Inspired by the mutually exclusive expression patterns of lineage-specific TFs reported in SCLC, we explored here whether any combination of TFs could exert selective lethality in SCLC cells. We showed that the two most prevalent TFs in SCLC, ASCL1 and NEUROD1, which together are expressed in 70%–85% of SCLC cases8,12, demonstrated strong mutual exclusivity at a cellular resolution. Consistent with this notion, co-expression of ASCL1 and NEUROD1 in both SCLC-A and SCLC-N cell lines caused growth inhibition and apoptosis. Mechanistically, co-expression of ASCL1 or NEUROD1 in a SCLC-N or SCLC-A cell line, respectively, caused transcriptional reprogramming with suppression of the cell fate defined by the endogenous TF and the alternative upregulation of gene expression programs driven by the ectopically expressed TF, accompanied by marked changes in the genome-wide chromatin accessibility. Furthermore, co-expressed NEUROD1 in Lu139SCLC-A cells downregulated a crucial anti-apoptotic protein, BCL2, which was responsible for apoptotic cell death in our model.

Previous studies have reported the existence of intra-tumoral heterogeneities in the expression of these lineage-specific TFs, particularly co-expression, in clinical SCLC tumor samples and mouse models8,9,38,39,40, which contradicts our results. However, the reported co-expression of these TFs was based on IHC8,9,39,40 and bulk RNA-seq analyses38, which will not accurately represent the TF expression status at the level of single cells. Moreover, given the temporal evolution from SCLC-A to SCLC-N, observed in both the MYC-driven SCLC model11 and the KDM6A-inactivation mouse model13, it is possible that these observed intra-tumoral heterogeneities are snapshots of cells at different stages of subtype switching. Indeed, spatially distinct regions of SCLC-A and SCLC-N cells within a single tumor have been observed in both the present and previous studies12. In addition, our double-staining immunofluorescence showed a high degree of mutual exclusivity of cellular ASCL1 and NEUROD1 expression, in keeping with previous reports of SCLC7,13,14,41 and neuroendocrine carcinomas arising at different anatomic sites42.

Our results demonstrated that ASCL1 co-expression in SCLC-N cell lines caused more striking changes in chromatin accessibility and gene expression profiles than NEUROD1 co-expression in SCLC-A cell lines. This could account for the consistent growth suppression observed in the SCLC-N cell lines (H524 and H82) following ASCL1 co-expression, while the viability of the H2107 SCLC-A cell line was not significantly affected by NEUROD1 co-expression, despite the significant downregulation of endogenous ASCL1. These results suggest that there is a higher barrier to a lineage shift from SCLC-N to SCLC-A than to a shift from SCLC-A to SCLC-N, which is supported by previous studies showing unidirectional plasticity from SCLC-A to SCLC-N11,12,13,14,15. Therefore, although the precise mechanism underlying co-expressed ASCL1-mediated cell death in SCLC-N cells remains to be elucidated (Fig. 8), emerging technologies such as nanomedicine43 and RNA therapeutics44 offer the potential to induce ASCL1 co-expression selectively in SCLC-N cells, presenting a more promising therapeutic strategy compared to the induction of NEUROD1 co-expression selectively in SCLC-A cells. This counterintuitive treatment approach could not only lead to selective tumor cell killing in one subtype but also enhance the efficacy of future lineage-specific precision therapies for cancer cells in the other subtype by targeting tumor heterogeneity.

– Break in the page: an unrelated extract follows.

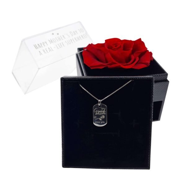 Premium Mothers Day Gift: Personalised Sterling Silver Pendant & Chain with Preserved Rose Box

ASCL1 and NEUROD1, which define the SCLC lineages showing neuroendocrine differentiation, are both class II bHLH TFs characterized by their tissue-specific expression profiles45. Both TFs are involved in the process of central nervous system development and differentiation45. During embryogenesis, multiple bHLH TFs are expressed in distinct regions in the telencephalon, spinal cord, and retina45. Moreover, during development, neocortical neurons are generated sequentially from multipotent progenitors through a series of identity transitions. This neuronal phenotype specification requires a genetic cascade in which the bHLH TFs NEUROGENIN1 and NEUROGENIN2 repress ASCL1 to inhibit differentiation into the subcortical neuronal phenotype46,47. These spatially and temporally distinct expression features of bHLH TFs in central nervous system development resemble those observed in SCLC, suggesting the disadvantages for both neuronal and SCLC cells of retaining the dual lineages in one cell.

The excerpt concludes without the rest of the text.